- Born: Gwen Marie Davidson 1951 (age 73–74) Owatonna, Minnesota
- Education: BFA in art, Drake University MFA in painting, Portland State University, 1987
- Known for: Geometric abstractions referencing architectural spaces Explorations of natural world

= Gwen M. Davidson =

American painter and collage artist (born 1951)

Gwen Davidson (born 1951) is a painter who makes collage-style acrylic works on canvases covered with layered strips of paper.

==Early life and education==
Born in Owatonna, Minnesota, in 1951, she is the daughter of Orlen Harry Davidson and Lorraine Mary (née Sammon) Davidson.

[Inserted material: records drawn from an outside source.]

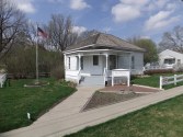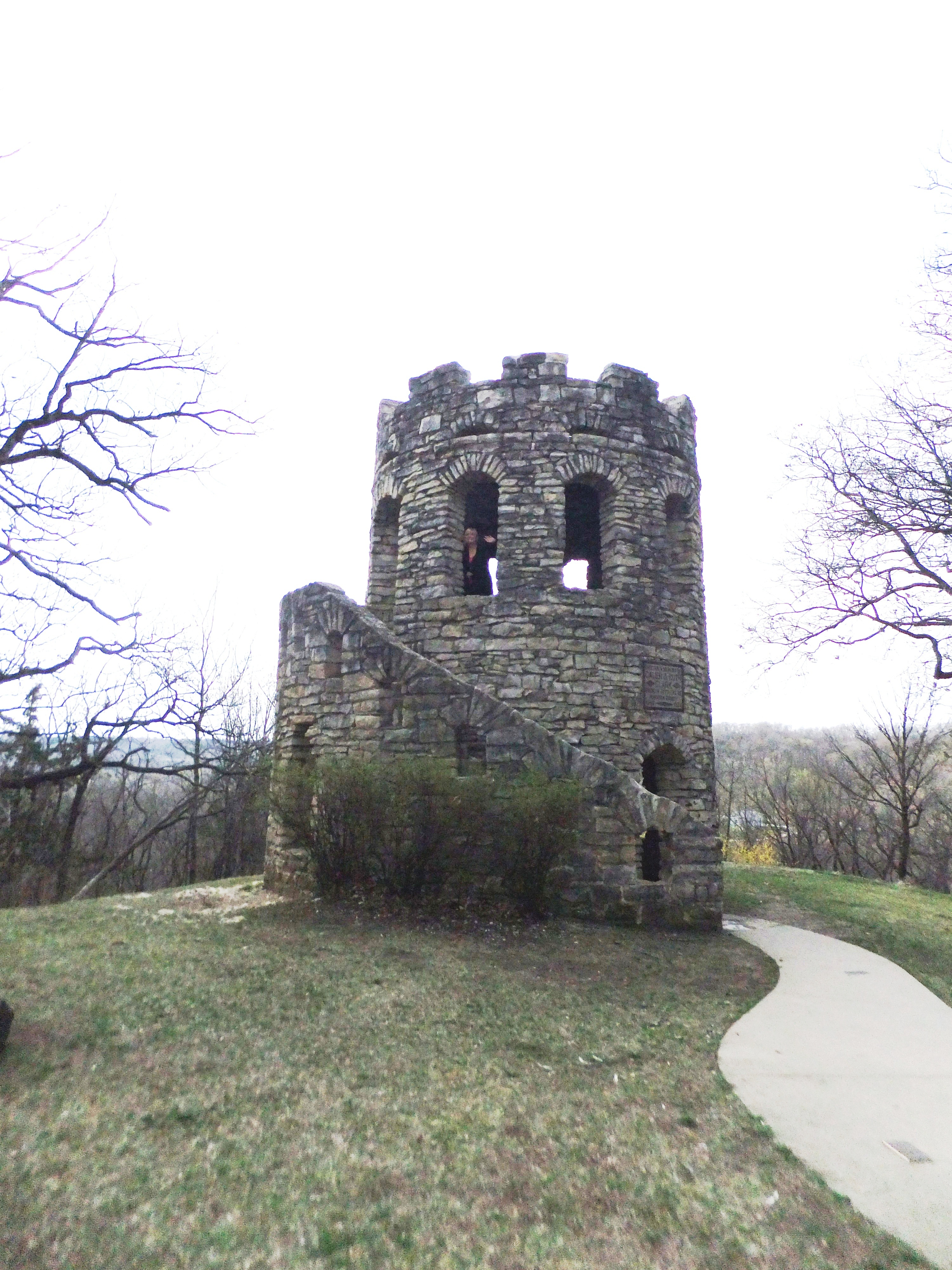 vowed we’d catch it on the way back. (Needless to say, we never found that road again). We finally drove into Winterset where one of the bridges was supposedly located in a park. When we didn’t immediately find it after circling the town several times, we stopped for a photo-op at the John Wayne statue and also took a picture of his home. Once again, we circled the town and then decided to stop and asked directions—the map was no help. Soon we arrived at the park and located the Cutler-Donahoe Bridge which was constructed in 1870 (same as the Imes). While there, we saw a sign pointing up a road to “Clark’s Tower or King’s Castle.” Need I say more? We couldn’t pass up a castle.
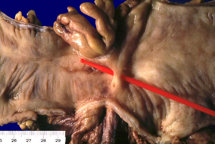Stark abgeflachtes bis aufgehobenes Schleimhautrelief.
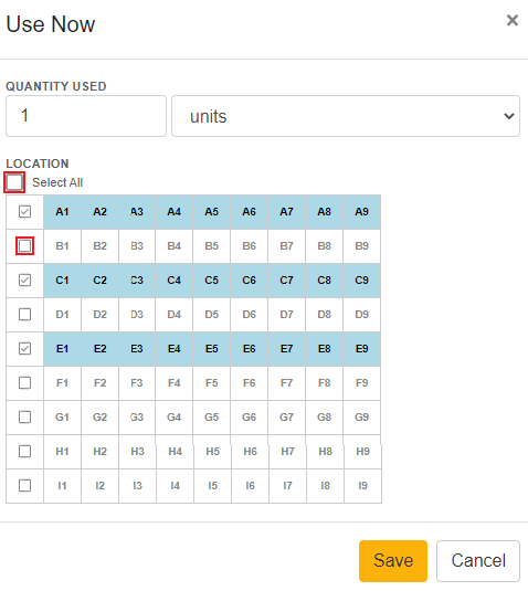 Click on the “Use Now” button. Enter the quantity you are using and click on the freezer box cell to indicate the impacted cell that is being used.

Davidson studied art in Florence, Italy. She earned a BFA in art at Drake University and an MFA in painting at Portland State University in 1987. Davidson married Douglas Lubotsky, architect, in 1989.

==Critical reception==
Critics have described Davidson's art favorably. Helen Harrison wrote in The New York Times that Davidson's paintings "...rely on strong geometric frameworks for their architecture-based abstractions. Ms. Davidson's elegant compositions refer to beams, girders and other building supports, but these heavy, dark elements are softened by erasures and overpainting, and offset by areas of soft, translucent color."

Bob Hicks of Oregon ArtsWatch said, "Portland painter Davidson shows some deceptively placid-looking painted and collaged landscapes from the Oregon Coast. Look, and then look again."

David Carmack Lewis wrote, "She works initially with a combination of acrylic paint and charcoal on paper. The paper, in rectangular strips of varying proportions, are then applied to canvas. The method gives the work a rigid geometric framework but the organic nature of her subject not only survives but somehow thrives within it... Even her most abstract pieces unfailingly capture a genuine sense of place and atmosphere."

Another reviewer wrote that her art is characterized by:

...very particular, quiet, precise abstraction. Though Davidson employs no familiar shapes, her paintings are immediately readable as environments, texture and place reduced to overlaid horizontal strips of color. The brown and blue tones in "Winter" evoke bleached weeds against ice, the strip of slush along a highway, the weird light that bounces off snow. Davidson doesn't literally depict any of these things, and she doesn't need to. Her paintings merely set the right conditions for your own projection.
— Megan Burbank, The Portland Mercury

== Selected exhibitions ==
Davidson's works are in permanent collections of the Portland Art Museum, Nordstrom and the state of Oregon Collection, as well as corporate and public collections, including the cities of Seattle and Portland, King County Justice Center, the State Employment Building in Salem, Oregon, Intuit, Lucent, and Willamina Lumber Company.

Her exhibitions include:

- 2014 - Reflections, Froelick Gallery (Portland, Oregon)
- 2012 - Abstract Landscapes, Froelick Gallery
- 2009 - Coastal Landscapes, Froelick Gallery
- 2007 - Point of Reference, Froelick Gallery
- 2004 - Relative Values, Froelick Gallery
- 2003 - Recent Work, Davidson Galleries (Seattle, Washington)
- 2002 - Froelick Gallery
- 2001 - Gwen Davidson: Recent Work, Davidson Galleries
- 2001 - Paintings, Froelick Gallery
- 1999 - Froelick Adelhart Gallery (Portland, Oregon)
- 1996 - Big Drawings, Small Paintings, Portland Community College—Northview Gallery (Portland, Oregon)
- 1992 - Gallery 114 (Portland, Oregon)
- 1990 - Portland State University—Littman Gallery (Portland, Oregon)
- 1986 - Portland State University (thesis)—Gallery 299

==Awards and honors==
Davidson's art was selected for inclusion in the Oregon Biennial in 2001.